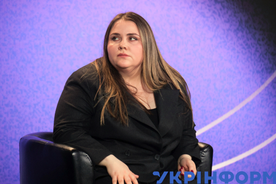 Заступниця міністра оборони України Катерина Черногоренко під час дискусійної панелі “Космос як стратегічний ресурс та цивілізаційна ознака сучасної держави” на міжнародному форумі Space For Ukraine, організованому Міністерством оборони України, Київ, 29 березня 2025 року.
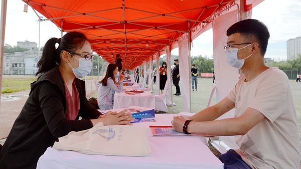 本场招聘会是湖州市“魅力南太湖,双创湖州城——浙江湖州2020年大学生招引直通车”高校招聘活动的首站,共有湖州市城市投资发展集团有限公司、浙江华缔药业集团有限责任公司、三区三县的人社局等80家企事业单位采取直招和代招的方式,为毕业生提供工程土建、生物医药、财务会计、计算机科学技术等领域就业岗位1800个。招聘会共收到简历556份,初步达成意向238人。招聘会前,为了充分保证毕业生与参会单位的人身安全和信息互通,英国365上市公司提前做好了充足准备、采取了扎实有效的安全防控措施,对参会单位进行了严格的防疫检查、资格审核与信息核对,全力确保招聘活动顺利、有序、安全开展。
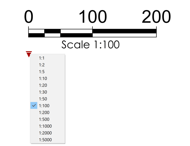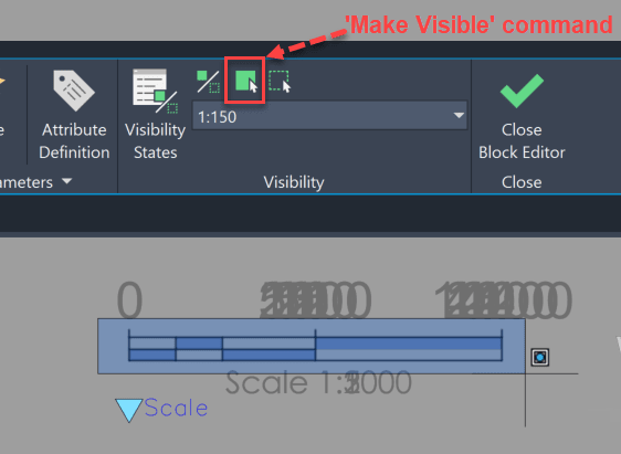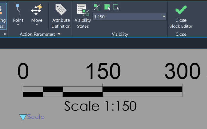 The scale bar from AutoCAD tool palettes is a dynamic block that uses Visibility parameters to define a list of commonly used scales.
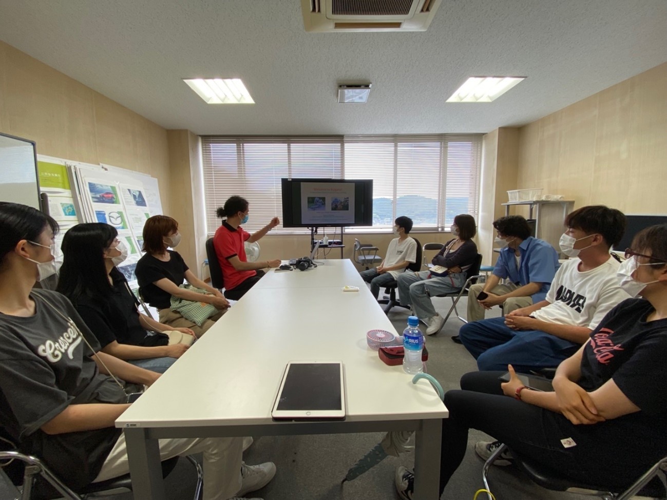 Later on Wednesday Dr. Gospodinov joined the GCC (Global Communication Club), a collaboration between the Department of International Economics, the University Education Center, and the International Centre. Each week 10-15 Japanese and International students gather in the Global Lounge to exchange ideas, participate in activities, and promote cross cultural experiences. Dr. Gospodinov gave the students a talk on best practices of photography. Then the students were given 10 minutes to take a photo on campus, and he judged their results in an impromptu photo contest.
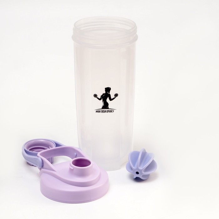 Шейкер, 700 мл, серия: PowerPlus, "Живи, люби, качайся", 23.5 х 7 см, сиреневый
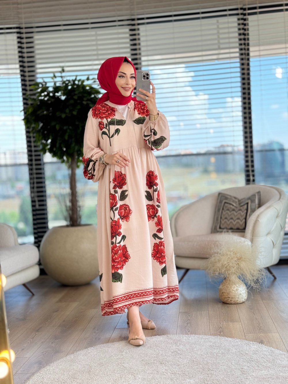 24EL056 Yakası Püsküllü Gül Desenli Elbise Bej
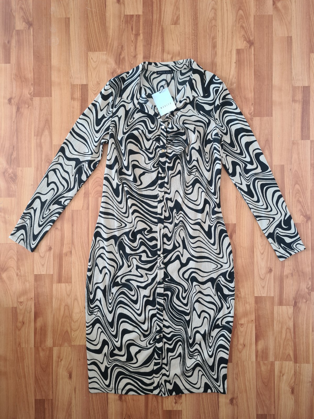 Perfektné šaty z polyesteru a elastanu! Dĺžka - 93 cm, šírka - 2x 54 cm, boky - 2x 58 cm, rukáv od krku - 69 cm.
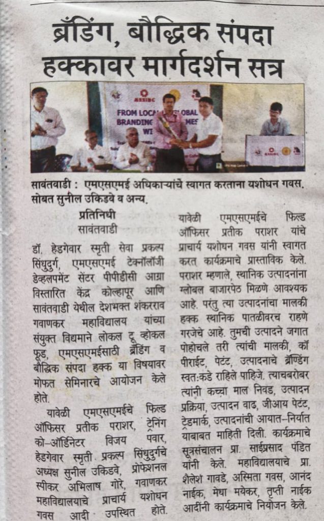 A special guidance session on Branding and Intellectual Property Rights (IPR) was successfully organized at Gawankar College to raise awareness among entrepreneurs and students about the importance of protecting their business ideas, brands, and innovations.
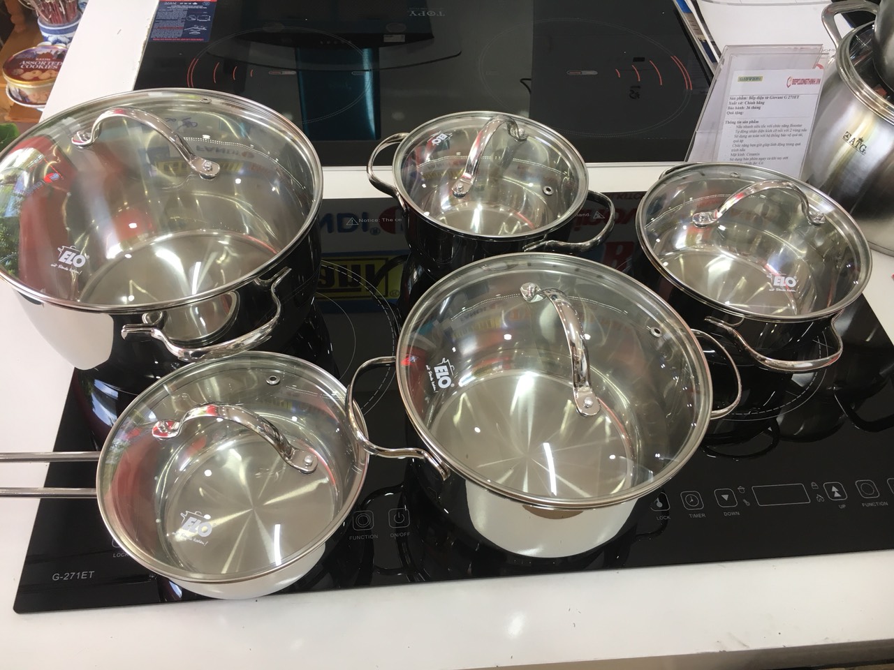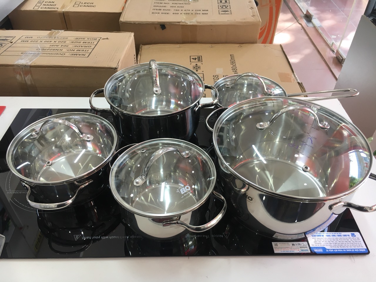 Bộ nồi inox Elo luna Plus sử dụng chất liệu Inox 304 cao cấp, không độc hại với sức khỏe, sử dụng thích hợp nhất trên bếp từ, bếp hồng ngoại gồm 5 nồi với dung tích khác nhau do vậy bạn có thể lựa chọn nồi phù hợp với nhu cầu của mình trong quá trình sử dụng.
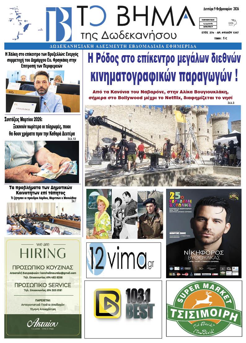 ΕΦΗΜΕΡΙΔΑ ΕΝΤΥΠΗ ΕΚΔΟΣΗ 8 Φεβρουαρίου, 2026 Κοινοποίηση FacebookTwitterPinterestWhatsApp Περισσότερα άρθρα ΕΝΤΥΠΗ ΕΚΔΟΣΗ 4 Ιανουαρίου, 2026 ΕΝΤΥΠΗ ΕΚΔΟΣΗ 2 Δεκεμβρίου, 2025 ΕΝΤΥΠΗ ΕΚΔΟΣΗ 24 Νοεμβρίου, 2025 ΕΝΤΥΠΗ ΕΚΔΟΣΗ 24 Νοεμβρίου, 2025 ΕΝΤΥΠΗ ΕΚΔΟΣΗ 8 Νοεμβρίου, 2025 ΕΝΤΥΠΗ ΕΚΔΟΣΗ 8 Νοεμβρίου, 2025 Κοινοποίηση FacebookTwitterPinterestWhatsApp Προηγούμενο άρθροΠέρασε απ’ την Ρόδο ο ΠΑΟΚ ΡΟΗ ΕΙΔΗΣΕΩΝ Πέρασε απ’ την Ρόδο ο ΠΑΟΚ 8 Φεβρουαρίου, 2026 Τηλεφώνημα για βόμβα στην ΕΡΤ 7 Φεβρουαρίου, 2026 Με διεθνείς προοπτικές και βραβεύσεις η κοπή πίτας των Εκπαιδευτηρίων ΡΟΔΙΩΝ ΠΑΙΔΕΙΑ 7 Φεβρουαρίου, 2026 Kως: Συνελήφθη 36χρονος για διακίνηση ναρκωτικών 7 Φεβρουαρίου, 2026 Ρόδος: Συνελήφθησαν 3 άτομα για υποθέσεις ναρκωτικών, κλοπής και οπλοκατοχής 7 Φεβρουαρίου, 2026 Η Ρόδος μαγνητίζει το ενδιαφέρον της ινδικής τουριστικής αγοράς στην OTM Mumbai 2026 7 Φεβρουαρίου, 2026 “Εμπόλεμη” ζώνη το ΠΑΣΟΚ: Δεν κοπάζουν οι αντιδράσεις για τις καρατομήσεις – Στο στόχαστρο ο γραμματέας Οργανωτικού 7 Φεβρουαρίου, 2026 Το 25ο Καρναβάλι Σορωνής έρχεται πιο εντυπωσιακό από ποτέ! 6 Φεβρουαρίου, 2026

_ _ _

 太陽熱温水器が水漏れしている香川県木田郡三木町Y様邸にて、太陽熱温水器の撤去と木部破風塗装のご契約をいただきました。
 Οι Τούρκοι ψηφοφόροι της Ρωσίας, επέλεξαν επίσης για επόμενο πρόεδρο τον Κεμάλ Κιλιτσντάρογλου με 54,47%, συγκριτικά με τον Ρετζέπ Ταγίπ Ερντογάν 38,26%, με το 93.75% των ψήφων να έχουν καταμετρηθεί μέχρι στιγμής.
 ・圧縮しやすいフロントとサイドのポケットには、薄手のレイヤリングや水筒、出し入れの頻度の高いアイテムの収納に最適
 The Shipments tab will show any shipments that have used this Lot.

_ _ _

* **Exercise details**:
Using the data above, repeat exactly the lines that begin at the line with "太陽熱温水器が水漏れしている" and end at the line with "The Shipments tab", both ends included.

* **Result**:
 太陽熱温水器が水漏れしている香川県木田郡三木町Y様邸にて、太陽熱温水器の撤去と木部破風塗装のご契約をいただきました。
 Οι Τούρκοι ψηφοφόροι της Ρωσίας, επέλεξαν επίσης για επόμενο πρόεδρο τον Κεμάλ Κιλιτσντάρογλου με 54,47%, συγκριτικά με τον Ρετζέπ Ταγίπ Ερντογάν 38,26%, με το 93.75% των ψήφων να έχουν καταμετρηθεί μέχρι στιγμής.
 ・圧縮しやすいフロントとサイドのポケットには、薄手のレイヤリングや水筒、出し入れの頻度の高いアイテムの収納に最適
 The Shipments tab will show any shipments that have used this Lot.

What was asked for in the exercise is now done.